Problem
Let $\text{ABC}$ be a triangle and let $\text{I}$ , $\text{J}$ and $\text{K}$ be points such that: $\vec{\text{BI}}=\frac{1}{2}\vec{\text{IC}}$, $\vec{\text{AJ}}=2\vec{\text{JB}}$ and $\vec{\text{AK}}=\frac{1}{3}\vec{\text{AC}}$.
Let $\text{E}$ be the centre of $\text{[BC]}$ and $\text{F}$ the point of intersection of $\text{(AE)}$ and $\text{(IK)}$. Prove that: $\frac{1}{3}\vec{\text{EB}}=\vec{\text{EI}}$
Prove that $\text{(BE)}\|\text{(JF)}$
- Show that the point $\text{F}$ is the centre of $\text{[IK]}$.
For the first question, it was relatively easy, it was sufficient to play with Chasles rule to prove it.
The second one is more complicated, I used different approaches, but no one was a success including calculations of $\vec{\text{AK}}$ with respect to $\vec{\text{IE}}$... It seems that I need a more general approach concerning what results from the intersection of two lines when dealing with vectors.
And of course I can't solve $\text{(3)}$ without $\text{(2)}$.
The $ \| $ symbol means parallel.
I start by proving that $$\overrightarrow {KI}=\frac 23 \overrightarrow {AB}$$In fact $$\overrightarrow {AK}=\frac 13 \overrightarrow {AC}$$$$\overrightarrow {IB}=\frac 13 \overrightarrow {CB}$$By summing and Chasles $$\overrightarrow {AB}+\overrightarrow {IK}=\frac 13 \overrightarrow {AB}$$Now the points 2. and 3.
As to your request about a more general approach concerning what results from the intersection of two lines when dealing with vectors, in what follows I represent $\overrightarrow {AF}$ in two ways and equal them.

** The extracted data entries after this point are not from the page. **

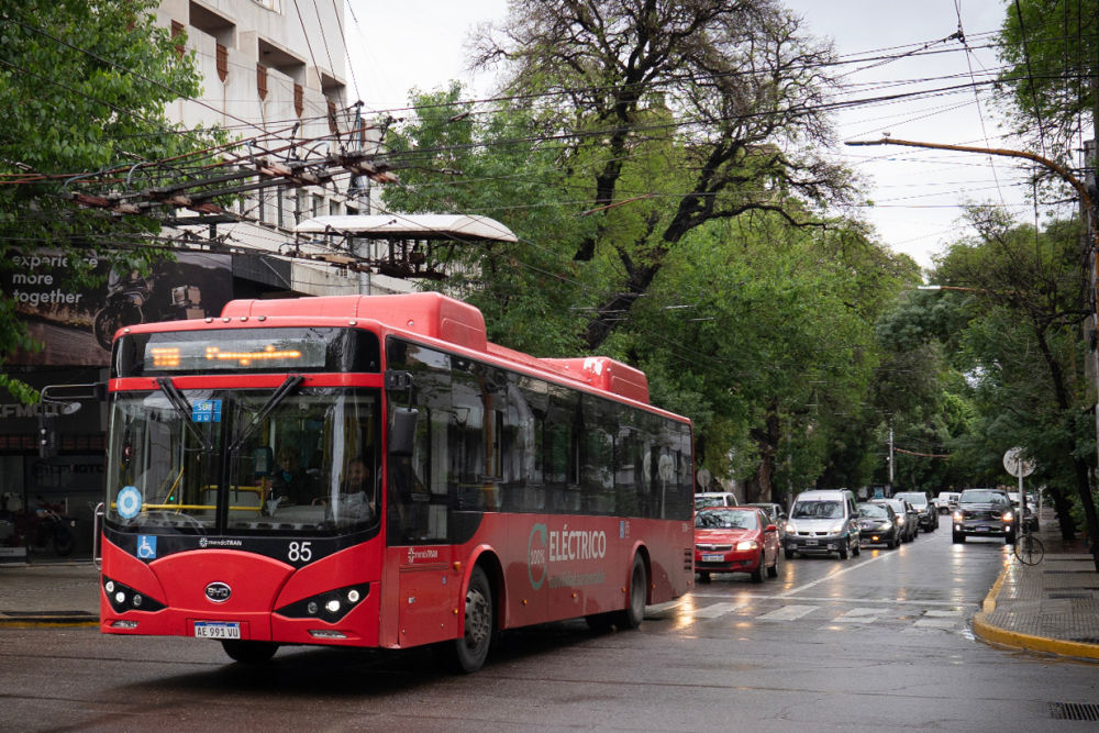 拜訪完酒莊,記者來到門多薩市區(qū)。這里,一些紅色公交車穿梭于林蔭道,車身上“百分之百電動”的標(biāo)語非常醒目。這是門多薩于2019年從比亞迪和中通客車購入的電動巴士。由此當(dāng)?shù)氐谝恢щ妱庸卉囮犝酵度脒\營。
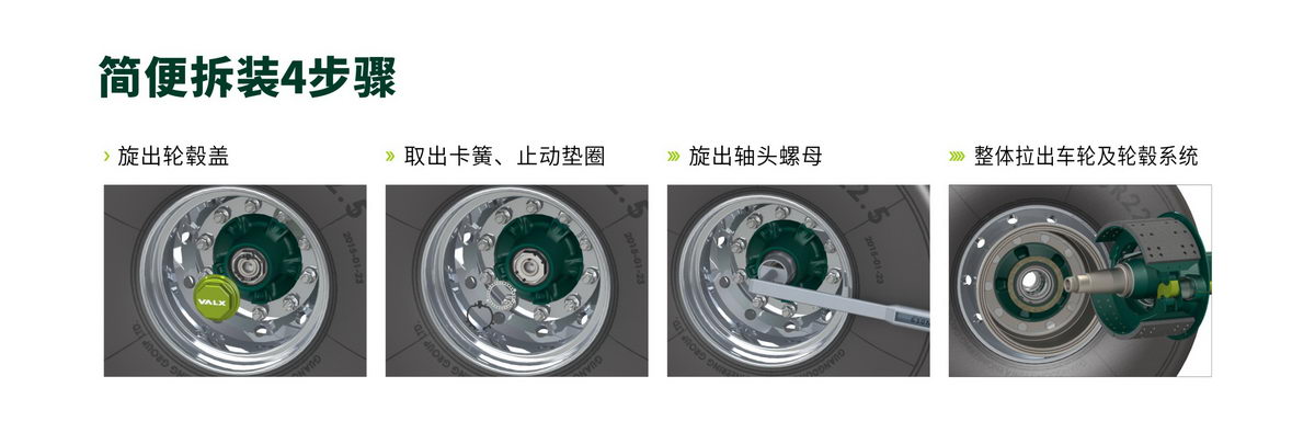 VALX輪轂系統(tǒng)拆裝便捷,簡(jiǎn)單4個(gè)步驟就能實(shí)現(xiàn)剎車片的更換。
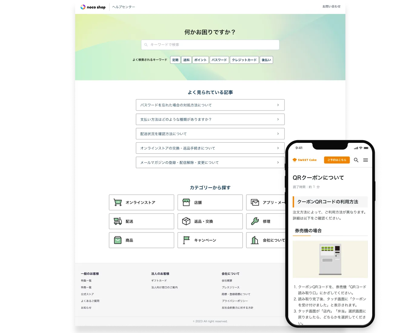 専門知識なしで、誰でも見やすく整理されたFAQサイトを作成可能。ロゴ・色・OGPなどブランドに合わせたカスタマイズも可能で、Webview対応によりスマートフォンアプリにも開発不要で組み込み可能です。
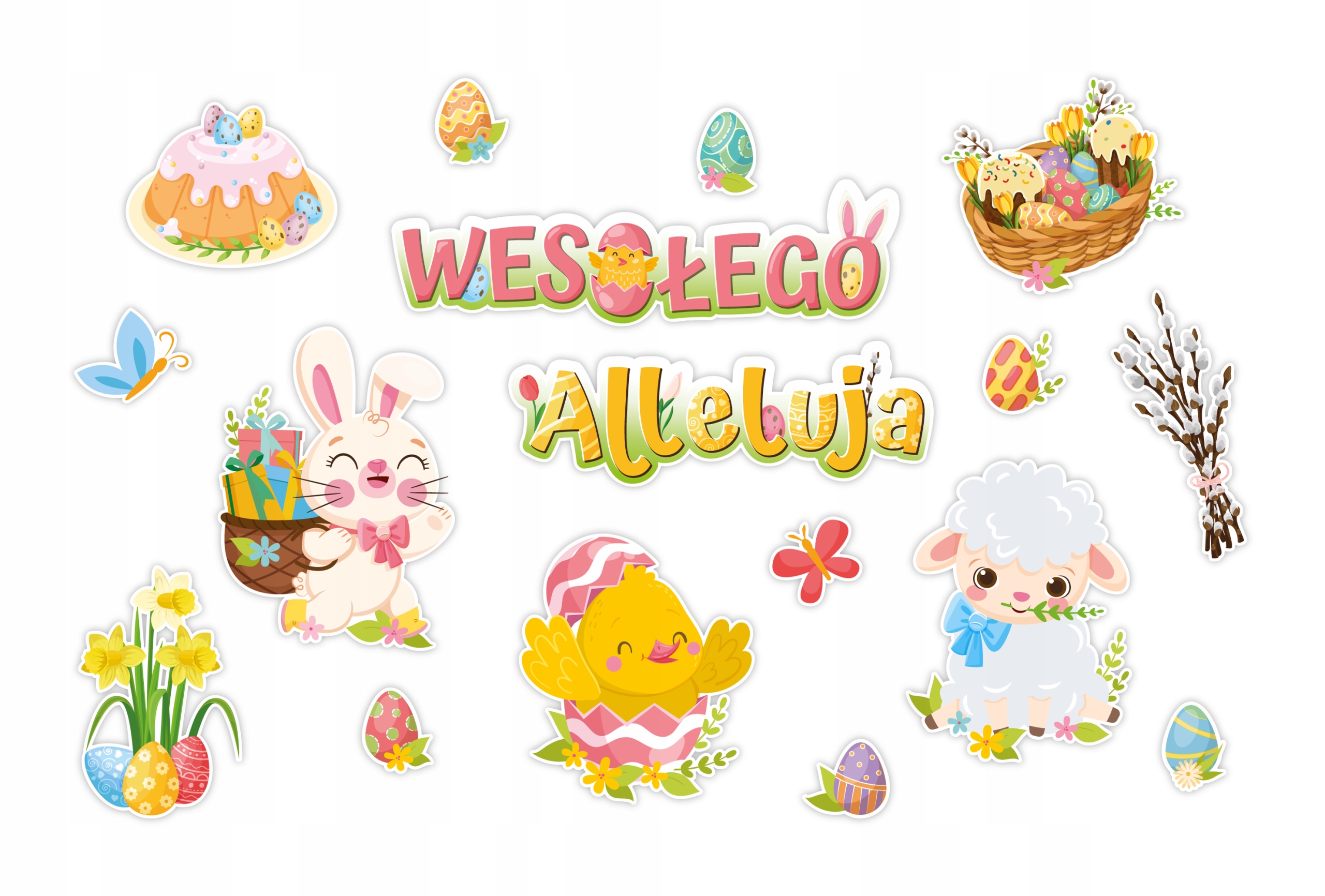 Набір складається з 2 слів, що утворюються в написі "Happy Hallelujah", 3 великих форм великодніх тварин, 4 елементи, пов’язані з Великоднем, 6 пасхальних яєць та 2 метеликів .
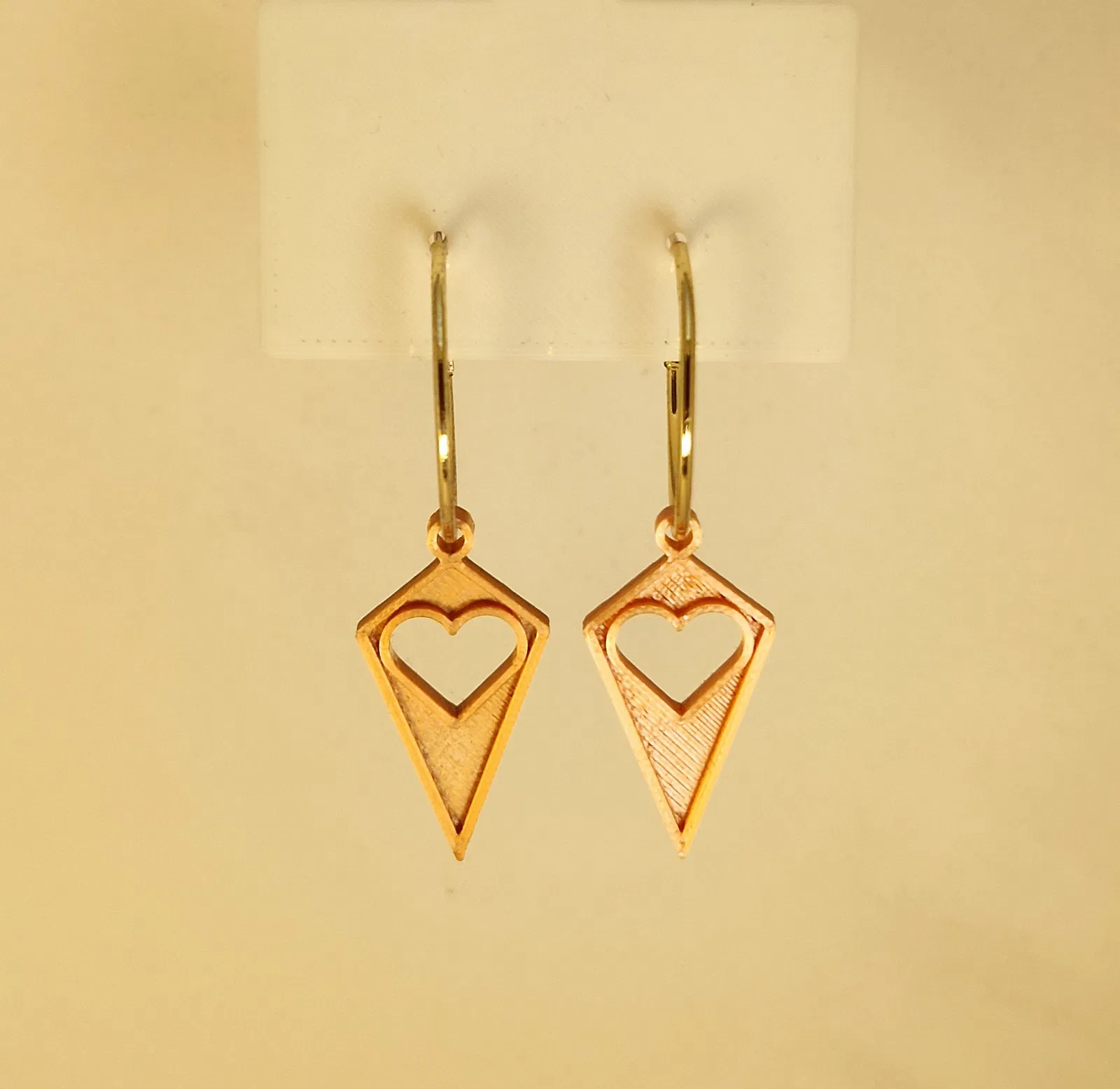 Bông tai hình học dáng kim cương với ô khoét trái tim, vừa hiện đại vừa lãng mạn. Thiết kế nhẹ, cân đối, bắt sáng đẹp; phù hợp làm quà Valentine/kỷ niệm và phối nhiều phong cách.
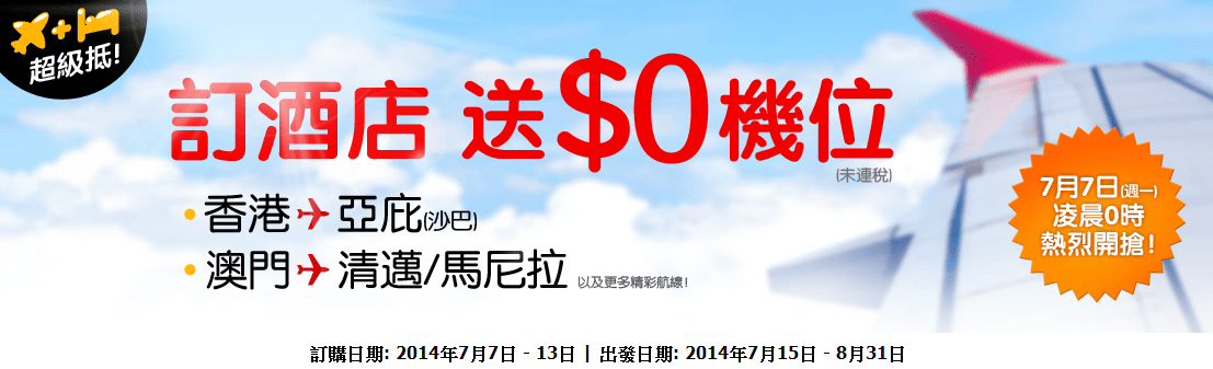 今晚12點(7月7日0:00am)AirAsiaGO又有訂酒店送$0機票優惠啦
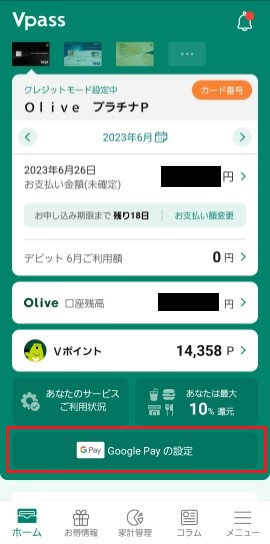 Vpass アプリから [Google Pay の設定] をタップします。
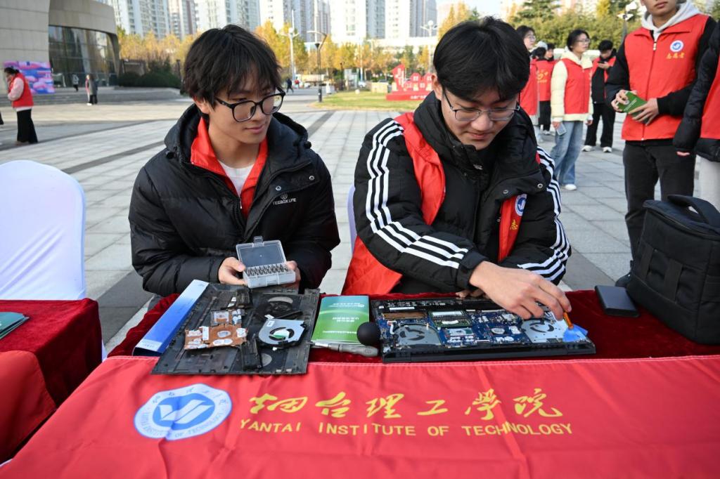 为推动校地资源联动赋能社区服务,11月29日,由烟台市莱山区委组织部、莱山区社会工作部、莱山区民政局主办的“链接幸福・赋能社区”莱山区社区项目资源对接会在五彩广场举行。信息工程学院党总支副书记王明印、团总支书记祝箐带领志愿者走进活动现场,开展“E 码当先・电脑义诊”志愿服务活动。以“技术服务 + 宣传科普”双轨模式,为社区居民送上精准便民服务。

Because of parallelism$$\overrightarrow {AF}=\lambda\, \overrightarrow {AE}=\frac 12 \lambda \,(\overrightarrow {AB}+\overrightarrow {AC})$$$$\overrightarrow {KF}=\mu \, \overrightarrow {KI}=\frac 23\mu \,\overrightarrow {AB}$$From $\overrightarrow {AF}=\overrightarrow {AK}+\overrightarrow {KF}$, one has $$\frac 12 \lambda \,(\overrightarrow {AB}+\overrightarrow {AC})=\frac 13 \overrightarrow {AC}+\frac 23\mu \,\overrightarrow {AB}$$After some algebra $$\left(\frac 12 \lambda-\frac 23\mu \right)\,\overrightarrow {AB}+\left(\frac 12 \lambda-\frac 13 \right)\,\overrightarrow {AC}=\overrightarrow 0$$Because $\overrightarrow {AB}$ and $\overrightarrow {AC}$ are not parallel, one gets$$\begin {cases} \lambda=\frac 23 \\ \\ \mu=\frac 12 \end {cases}$$So point 3. is proved.
Now $$\overrightarrow {AF}=\overrightarrow {AJ}+\overrightarrow {JF}$$$$\frac 23\,\overrightarrow {AE}=\frac 23\,\overrightarrow {AB}+\overrightarrow {JF}$$Using Chasles$$\overrightarrow {JF}=\frac 23 \overrightarrow {BE}$$so point 2 is proved.